▸ AIM OF THE EXERCISE
Among the entries below, which lines run from the line with "Hy-Ko BR-40 House" through the line with "[87] باب الشوكة وهي حمرة تعلق الوجه"? Retype those, both ends included, exactly and without pictures.

▸ EXTRACTED ENTRIES
================================
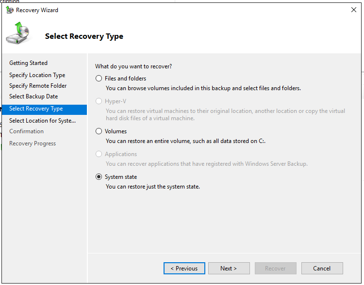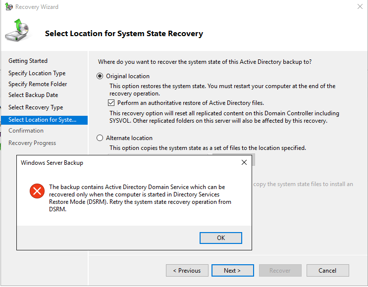 - If the target DC is running in a VM on Hyper-V and the backup is stored on a network location, you must install a legacy network adapter.
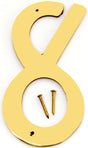 Hy-Ko BR-40 House Number, Character: 8, Character Height: 4 in, Character Width: 2-1/2 in, Character Finish: Polished Brass, Solid Brass, Dimensions: 6-3/4 in H x 3 in W, Includes: Screw Nail
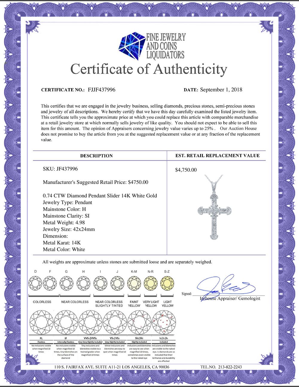 REF-61H7M - JF437996 ---- 0.74 CTW White Round Diamond Pendant 14K White Gold
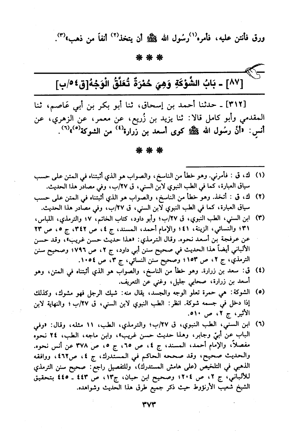 [87] باب الشوكة وهي حمرة تعلق الوجه
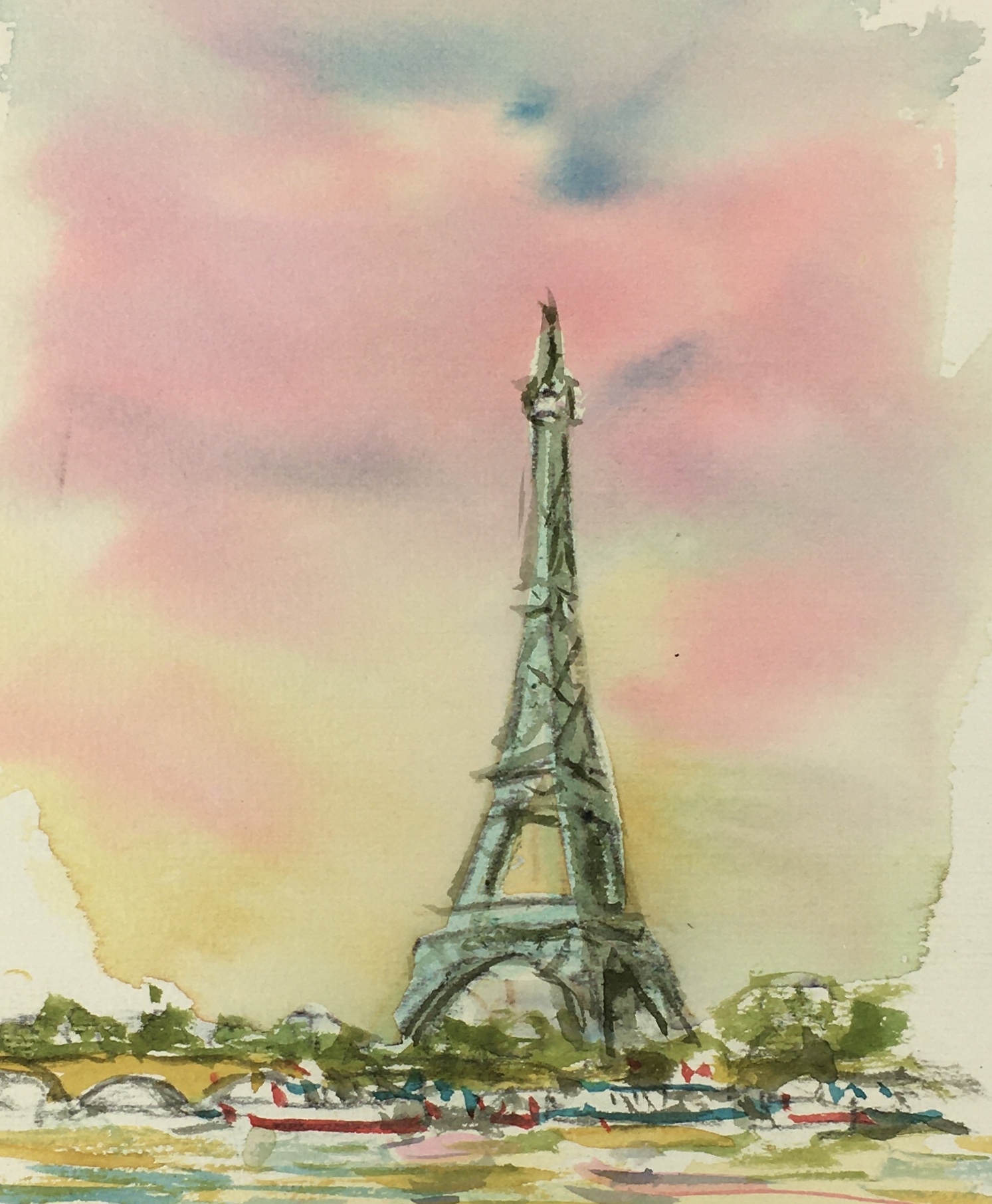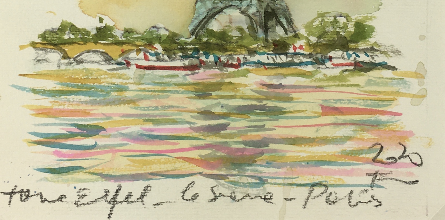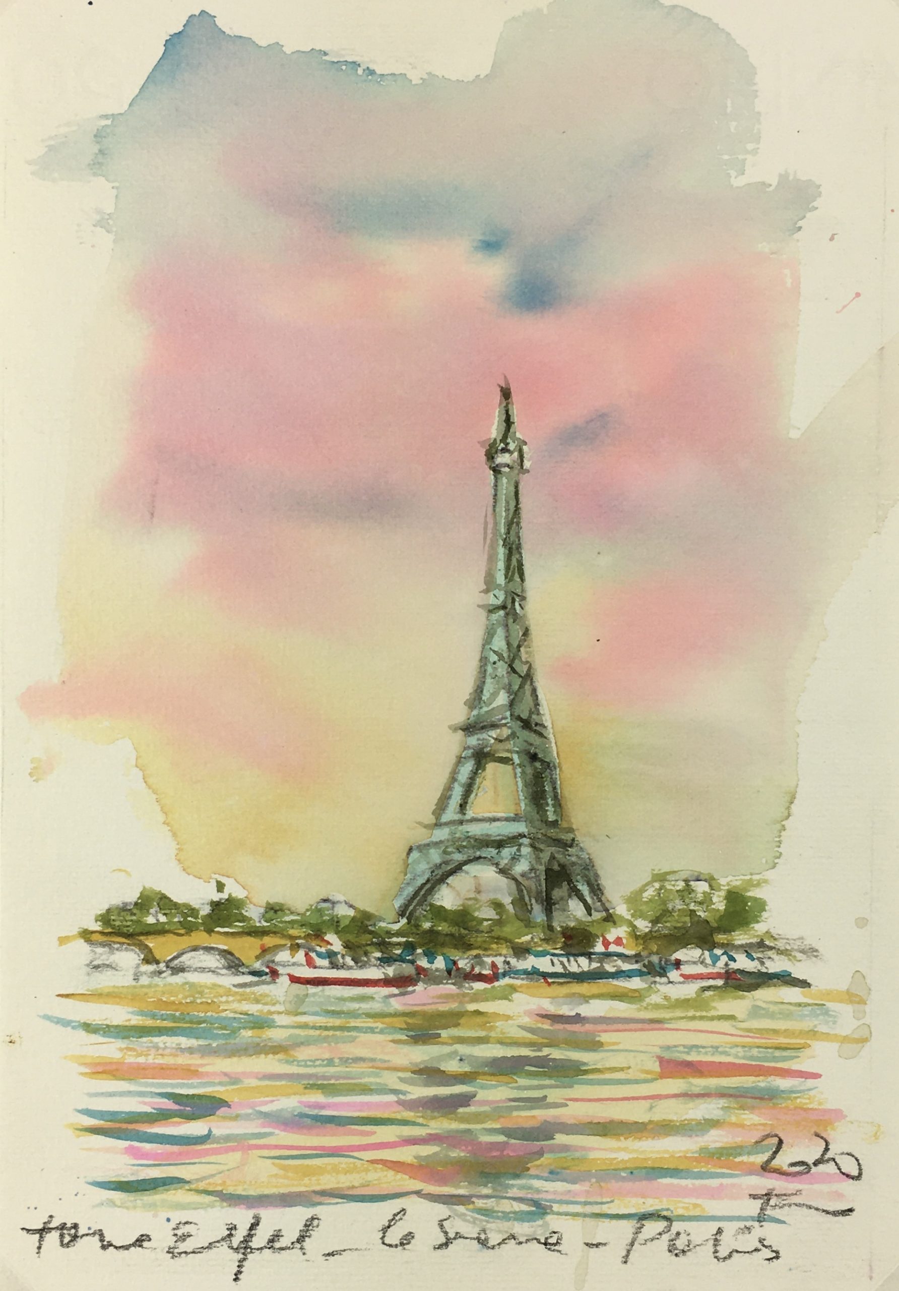 Original Art on paper displayed on a white mat with a gold border. Mat fits a standard-size frame. Archival plastic sleeve and Certificate of Authenticity included. Original Art, 5.5″W x 8″H; mat, 16″W x 20″H.
================================
▸ THE ANSWER
 Hy-Ko BR-40 House Number, Character: 8, Character Height: 4 in, Character Width: 2-1/2 in, Character Finish: Polished Brass, Solid Brass, Dimensions: 6-3/4 in H x 3 in W, Includes: Screw Nail
 REF-61H7M - JF437996 ---- 0.74 CTW White Round Diamond Pendant 14K White Gold
 [87] باب الشوكة وهي حمرة تعلق الوجه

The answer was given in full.